## What to produce
Could the entries below be reproduced exactly, with the images removed?

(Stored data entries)
+---+

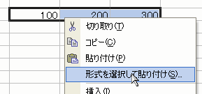 ・ 入れ替えた表を貼り付ける基点となるセルを右クリックして
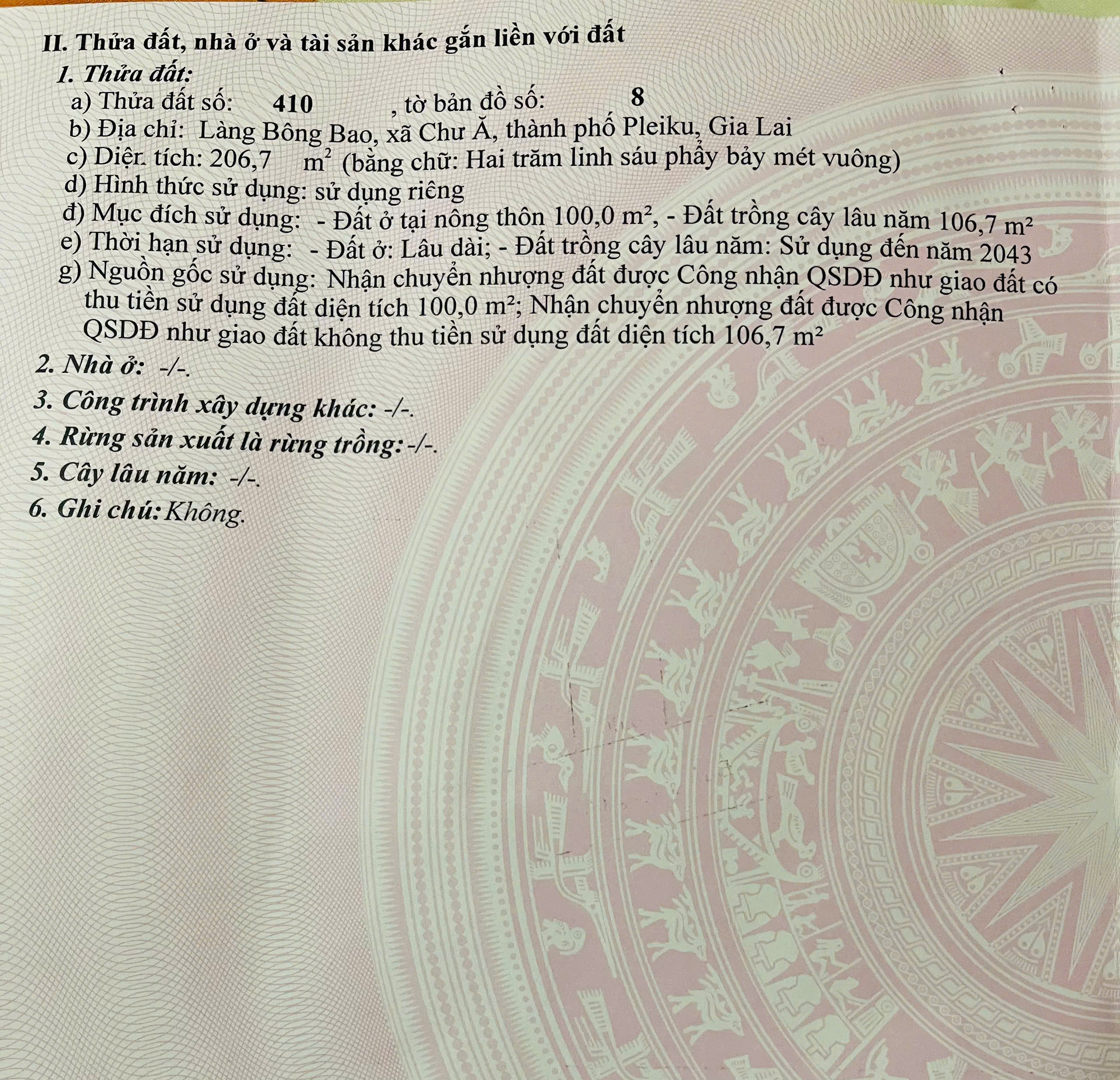 * Diên tích: 210m2.Ngang 6m, dài 35m. Thổ Cư 100m2.
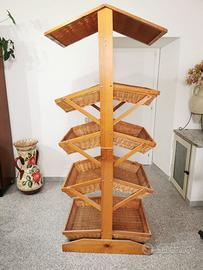 Per panetteria, o per qualsiasi utilizzo, espositore come nuovo in vimini e legno.
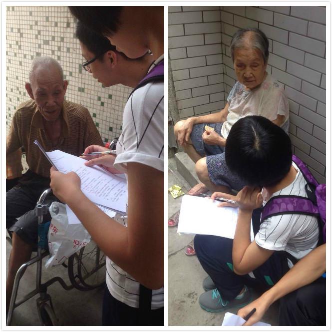 “空巢老人的生活现状”调研课题。我们走进钟村的大街小巷,对那些在门口乘凉聊天的老人们进行谈话调研,因为老人们多数都是当地人,而且不方便直接叫他们填写问卷,我们只好用广州话跟他们谈,关心问候他们,并了解他们的生活状况。从谈话中得知,多数老年人不和儿女同住,有老人金,平时较少参加社区活动;较多老人有高血压等疾病,每个月都需要花费不少钱去买药吃。调研过后,我们都有很多的感触。空巢老人需要更多的关怀,不一定是经济上的支持,就算是简单的探访和慰问,他们都会感到很温暖。
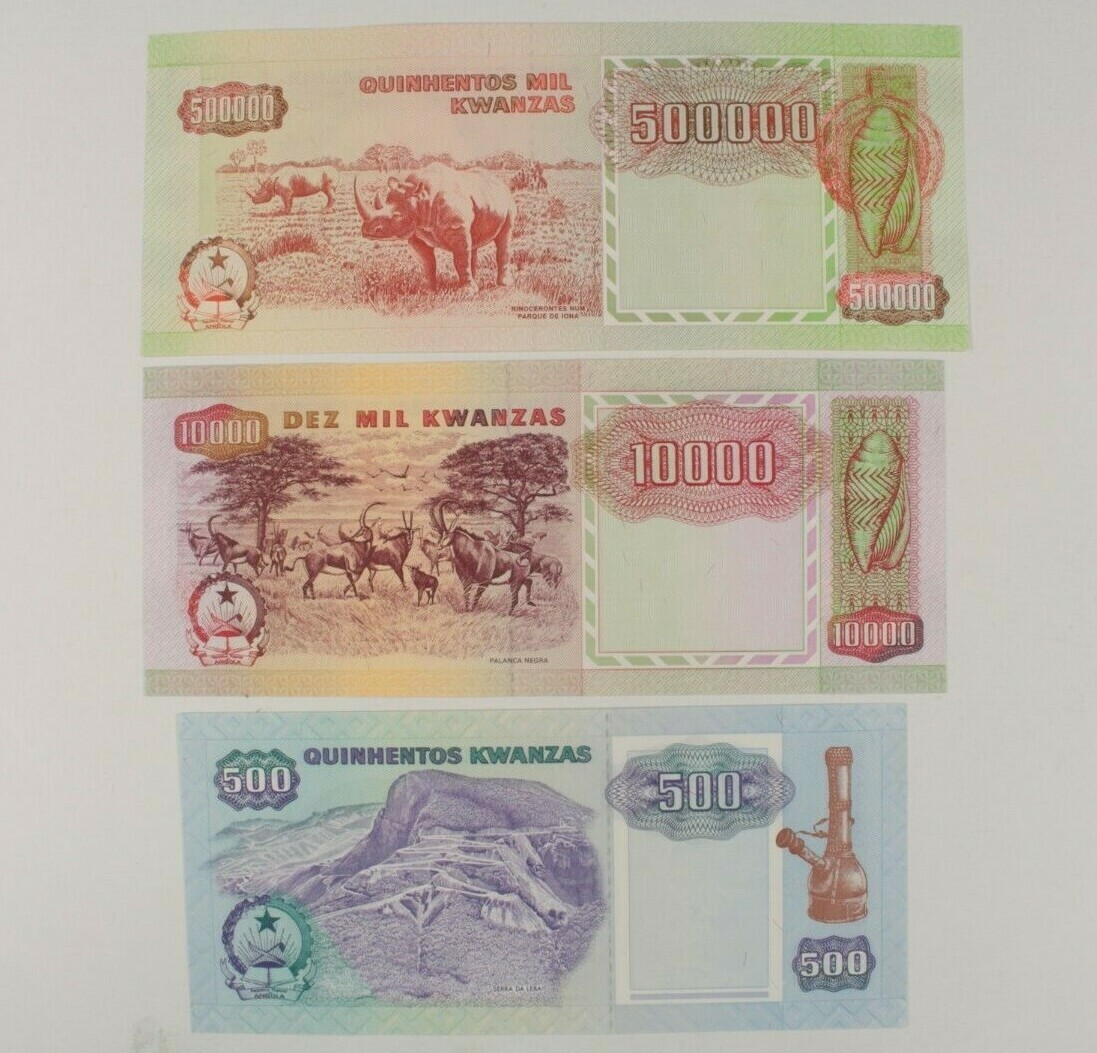 1991 Angola 3-Notes Currency Set 500 10,000 500,000 Kwanza Fior di Conio

+---+

## Response for this exercise
 ・ 入れ替えた表を貼り付ける基点となるセルを右クリックして
 * Diên tích: 210m2.Ngang 6m, dài 35m. Thổ Cư 100m2.
 Per panetteria, o per qualsiasi utilizzo, espositore come nuovo in vimini e legno.
 “空巢老人的生活现状”调研课题。我们走进钟村的大街小巷,对那些在门口乘凉聊天的老人们进行谈话调研,因为老人们多数都是当地人,而且不方便直接叫他们填写问卷,我们只好用广州话跟他们谈,关心问候他们,并了解他们的生活状况。从谈话中得知,多数老年人不和儿女同住,有老人金,平时较少参加社区活动;较多老人有高血压等疾病,每个月都需要花费不少钱去买药吃。调研过后,我们都有很多的感触。空巢老人需要更多的关怀,不一定是经济上的支持,就算是简单的探访和慰问,他们都会感到很温暖。
 1991 Angola 3-Notes Currency Set 500 10,000 500,000 Kwanza Fior di Conio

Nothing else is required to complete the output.